The strategy proposes a two-pronged approach that would simultaneously revive the cotton production value chain and investment in export oriented apparels and garment production factories that would initially rely on imported fabric.
This approach is informed by the fact that cotton makes up only 20 per cent of fabrics used by the global garments industry with the other 80 per cent coming from synthetic sources.
According to Mr Michael Werikhe, the state minister for Trade, the strategy addresses the lower and upper aspects of the value chain, which creates quick wins, especially in the employment creation agenda.
"We have a good plan and all we need to do is to make sure that we implement it," he said during a stakeholders meeting.
The strategy seeks to stimulate large scale commercial cotton production while improving infrastructure and the business climate.
It also seeks to attract targeted FDI into the sector while supporting existing industrial players to develop into integrated value chains.
Under the strategy, the proportion of processed lint would be progressively raised from the current 30,000 tonnes to 75 per cent of production or 20,000 tonnes annually.
According to National Planning Authority and Msingi East Africa which jointly developed the strategy, Uganda's poor export performance in the apparels sector is attributed to inefficiencies at factory, product quality levels and non-compliance with international standards.

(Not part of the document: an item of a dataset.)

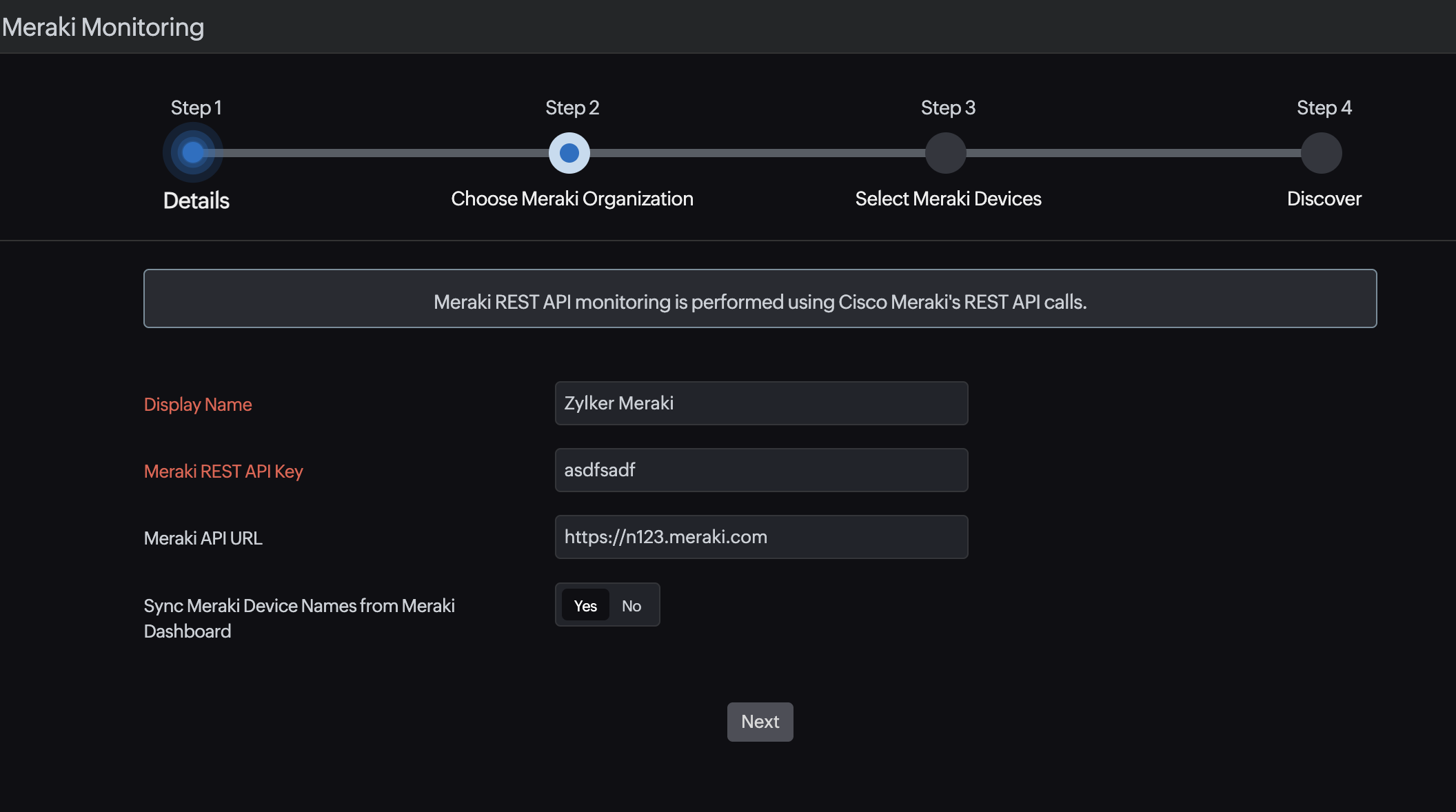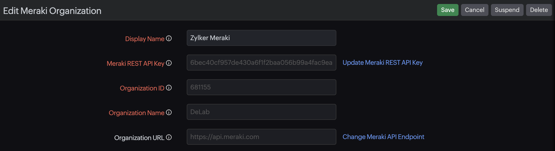 If your Meraki devices aren't being discovered, ensure: The API key is entered correctly. Learn more. The Meraki API has read-only access to your Site24x7 account to discover devices and organizations. Site24x7's IP range must be added to the allowed ...

The reactivation of Uganda's cotton, textiles and apparels sector is seen a pathway the country's industrialisation agenda and boosting national income.
Ms Aggie Konde, the Msingi East Africa executive director, said during the stakeholders meeting that whereas Uganda "face critical choices" there was need to need to prioritise resources, noting that: If we choose the right industries, we can convert our young labour force into an asset."
Industrialisation, employment and boosting national income
The reactivation of Uganda's cotton, textiles and apparels sector is seen a pathway to the country's industrialisation, employment agenda and boosting national income.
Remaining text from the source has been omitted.